Утром, когда любовная парочка возобновила церемонии, гостья сказала:
— Мне не то чтобы грустно или завидно, а как-то вдруг сделалось ясно то, чего у меня нет… Даже не то чтобы нет… Просто кошке даровано больше, чем мне. А ведь я тоже кошечка.
И, взяв плед, обволокла себя им на диване, свернулась, затмив круг ломких теней, которые посылало солнце сквозь листья.
Потом прозвучало:
— Можно, я в дубраву пойду? Не то, упаси бог, наткнусь на их брачевание.
И тихо, покорно двинулась к калитке, проследовала мимо ограды, вся в белом, бледная, с темными волосами. Вернувшись в полдень, пролепетала:
— А я тебе веночек принесла. Можно, я на тебя надену?
Легко представить, что выражало мое лицо под этим веночком, когда руки по локоть в глине, которую месишь, собираясь замазывать раны деревьев. Конечно, безмятежностью Флоры оно не отличалось.
Все эти дни стояла жара, и она продолжалась, но для гостьи это была только хорошая погода, потому веночков набралась целая горка. В конце концов я спровадила все на помойку и тем выместила досаду на беса безделья, который уводил ум моей гостьи лишь в одну сторону, где она чувствовала себя как рыба в воде.
— Вот я была молодая и козлоногая, — начинала она, — а любовник у меня был на сорок лет старше…
Выкладыванию растопки для будущего костра такие высказывания явно мешали.

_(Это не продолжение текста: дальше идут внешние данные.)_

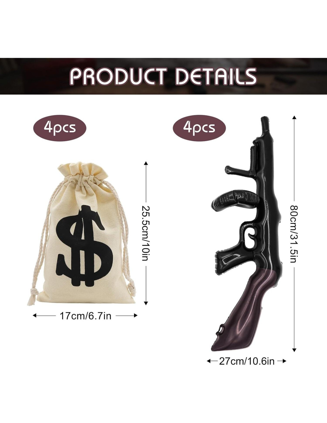 - Amplias Aplicaciones - El juego de armas de juguete inflables y bolsas de dinero es ideal para fiestas de cumpleaños, fiestas de graduación, actividades de juego de roles, cosplay escolar, fiestas temáticas de cosplay, fiestas de los años 20, fiestas de gánster de los años 1920, fiestas de Halloween, etc.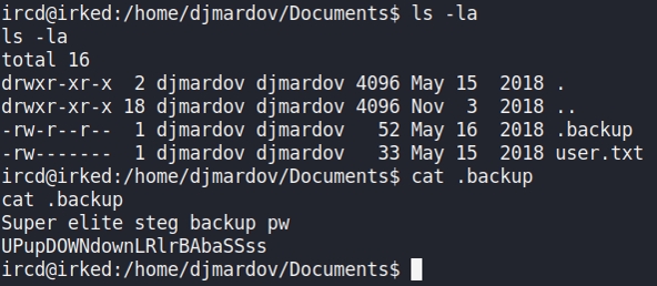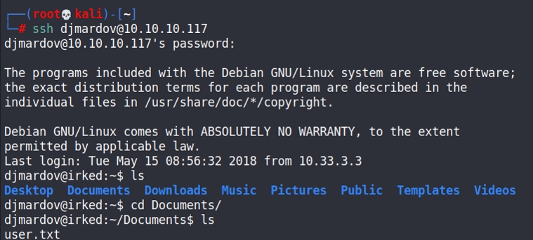 This part took me ages to find out. In the user djmardov directory, we find the user flag and some kind of key.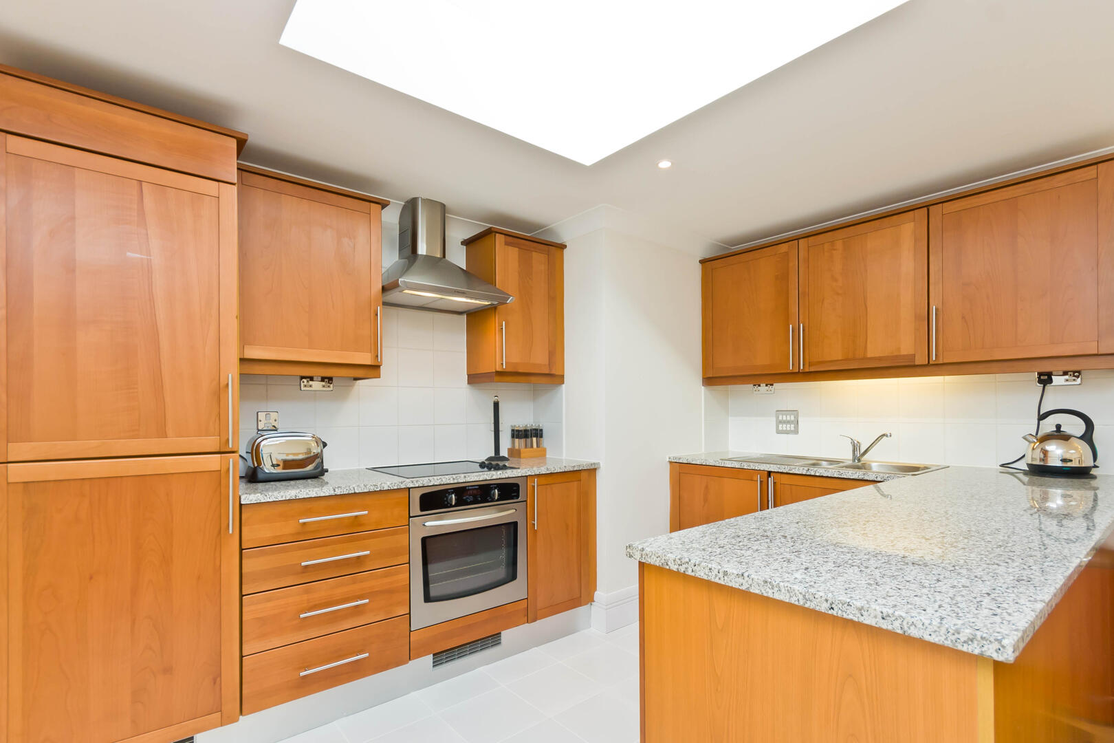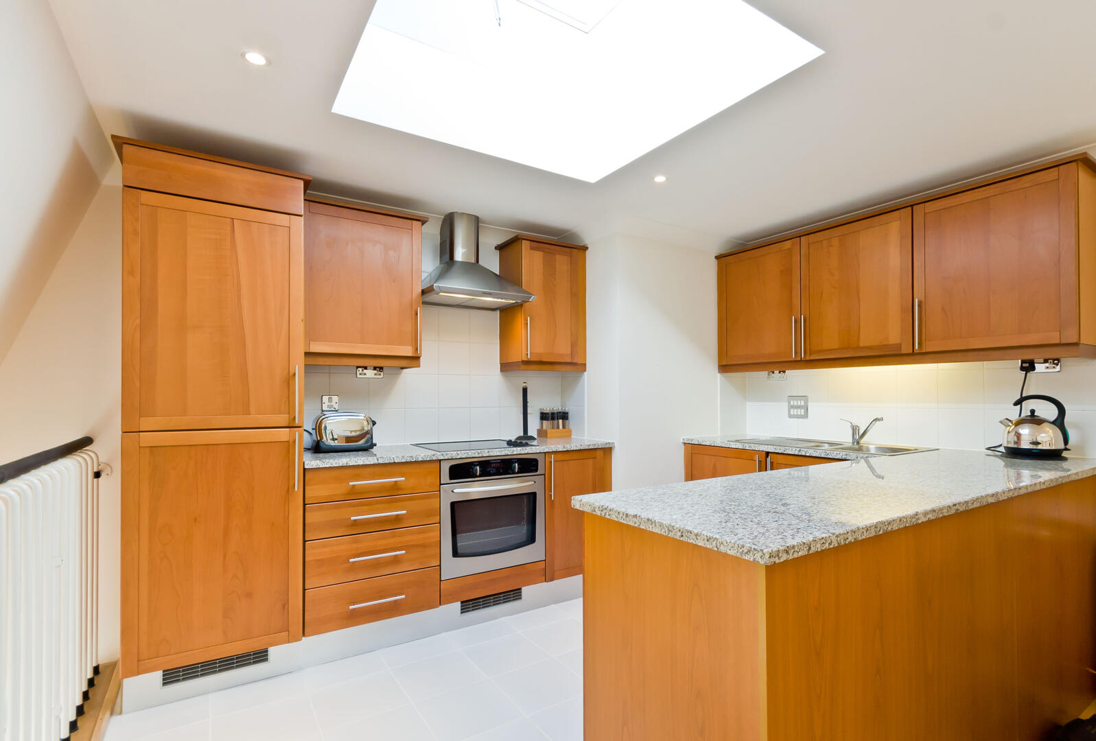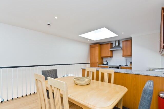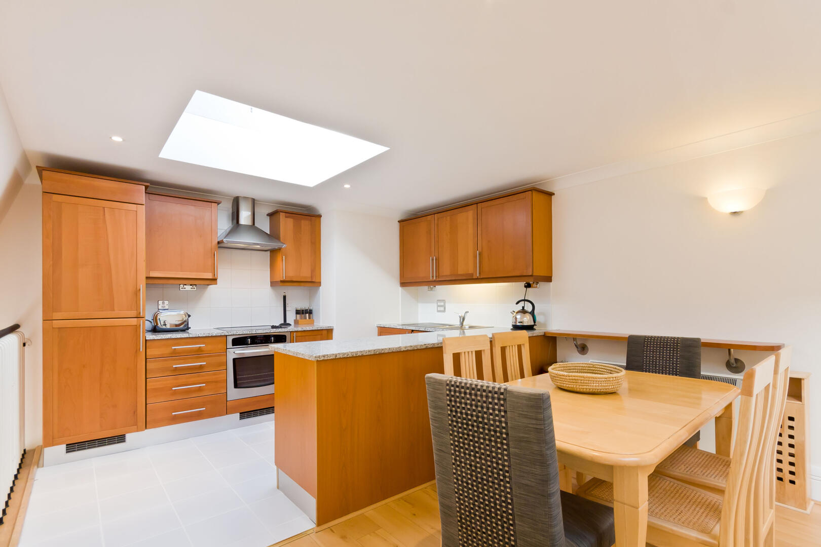 The kitchen and dining area is bright and airy thanks to skylights that flood the space with natural light. It features warm wooden cabinetry paired with sleek granite countertops, providing ample storage and workspace. The layout includes a central island and a wooden dining table that comfortably seats six, making it ideal for both cooking and casual dining. The light wooden flooring complements the cabinetry and adds to the welcoming feel of this well-appointed space.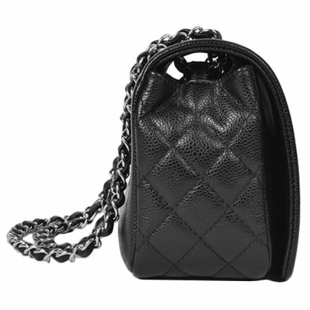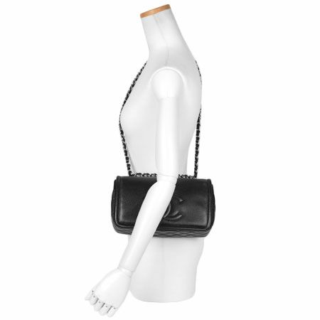 3. シャネル CHANEL ココマーク Wチェーン 2WAY ショルダーバッグ キャビアスキン ブラック シルバー金具 【中古】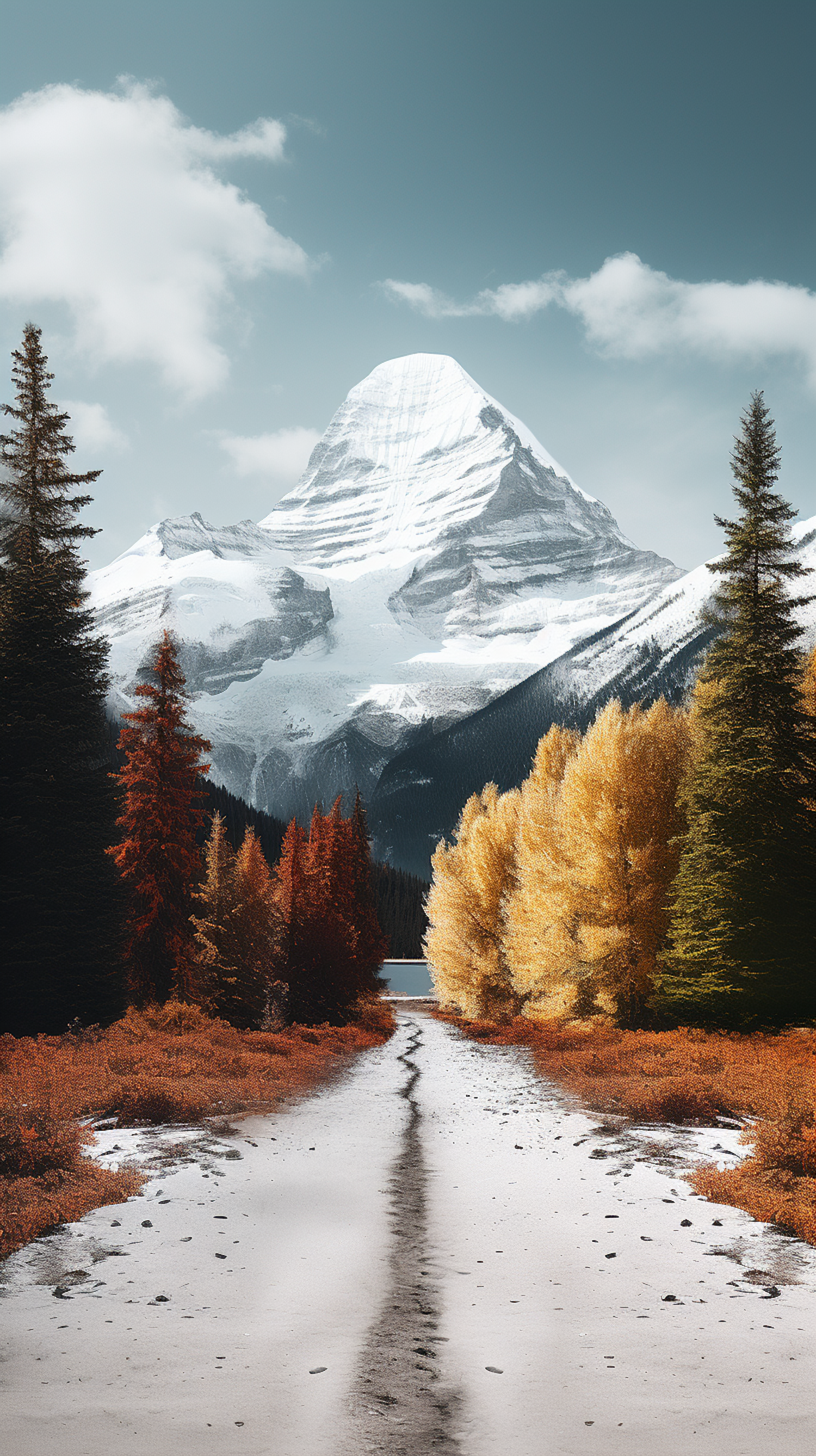 Majestic snow-capped mountain with vibrant autumn trees and a winding path under a clear blue sky.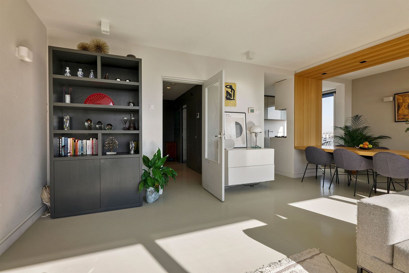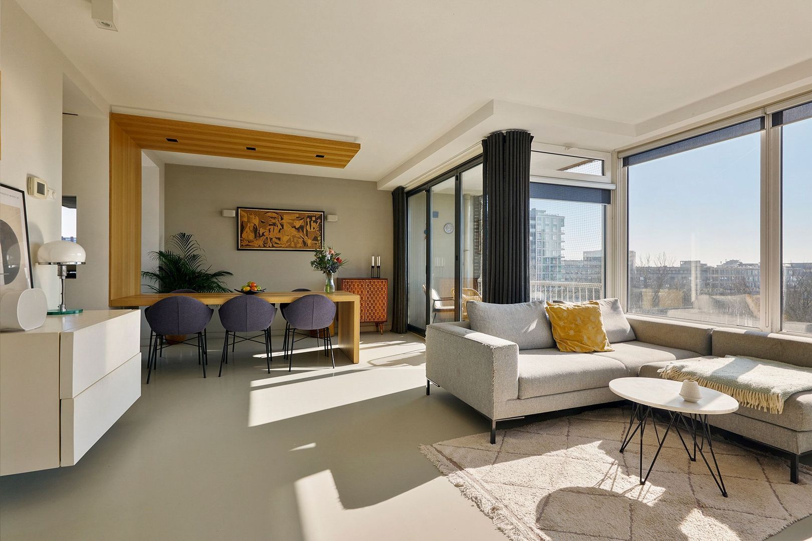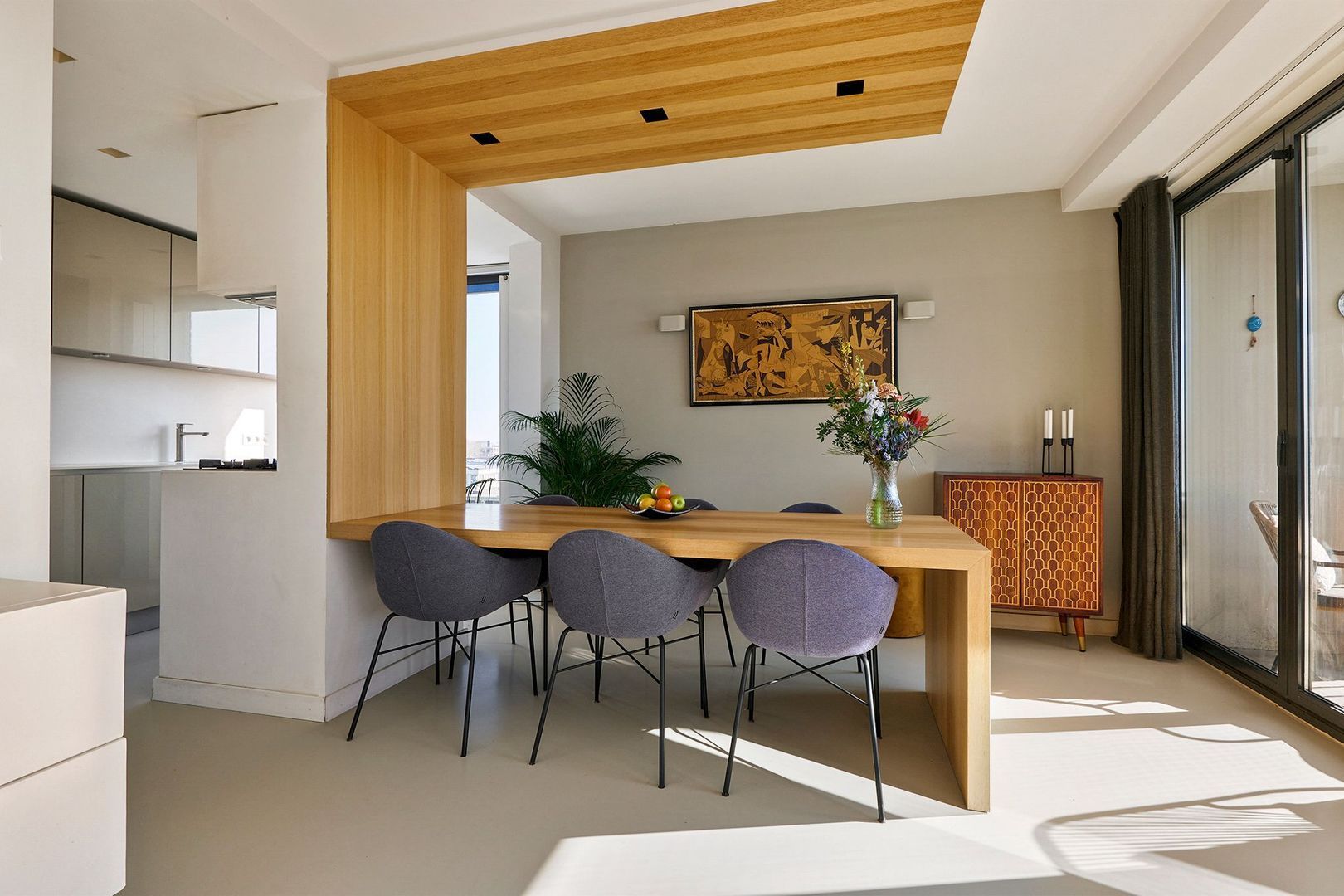 De royale living met open keuken beschikt over grote raampartijen wat uiteraard goede lichtinval geeft. Tevens geniet men hier van vrij uitzicht over groen en een deel van de stad. De living biedt met de harmonica pui toegang tot het balkon gelegen op het zuiden. Grenzend aan de keuken is aan een kleine muur op een speelse wijze een eettafel gerealiseerd. Aan de andere zijde van deze muur is het brede fornuis geplaatst.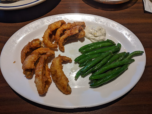 Had the smoked brisket French dip; hubby had a lemon-dill seafood dish (shrimp, salmon, & mahi mahi); kids both had a chicken tender platter; & we shared the fried pickle appetizer.

Я замирала с раскрытым ртом, все забывала, и башенка щепок рушилась.
— Мы располагались нагие, — продолжала она, — и тонкая полоска дамасской стали зависала над нами.
А у меня тем временем рассыпались все спички из коробка, словно и на них находил непонятный дурман. С костром тормозилось. Чайник рядом оставался холодным, потому что без огня какой кипяток, электричество же в домике отключили, а газовой плиты не имелось. Суп из топора тоже чего-то ждал в кастрюле под яблоней, а денег на более интересное кушанье никто не собирался давать. Тем более святой дух, который взял на себя лишь заботу о наших талиях и сократил их как следует, о более же важных вещах не подумал.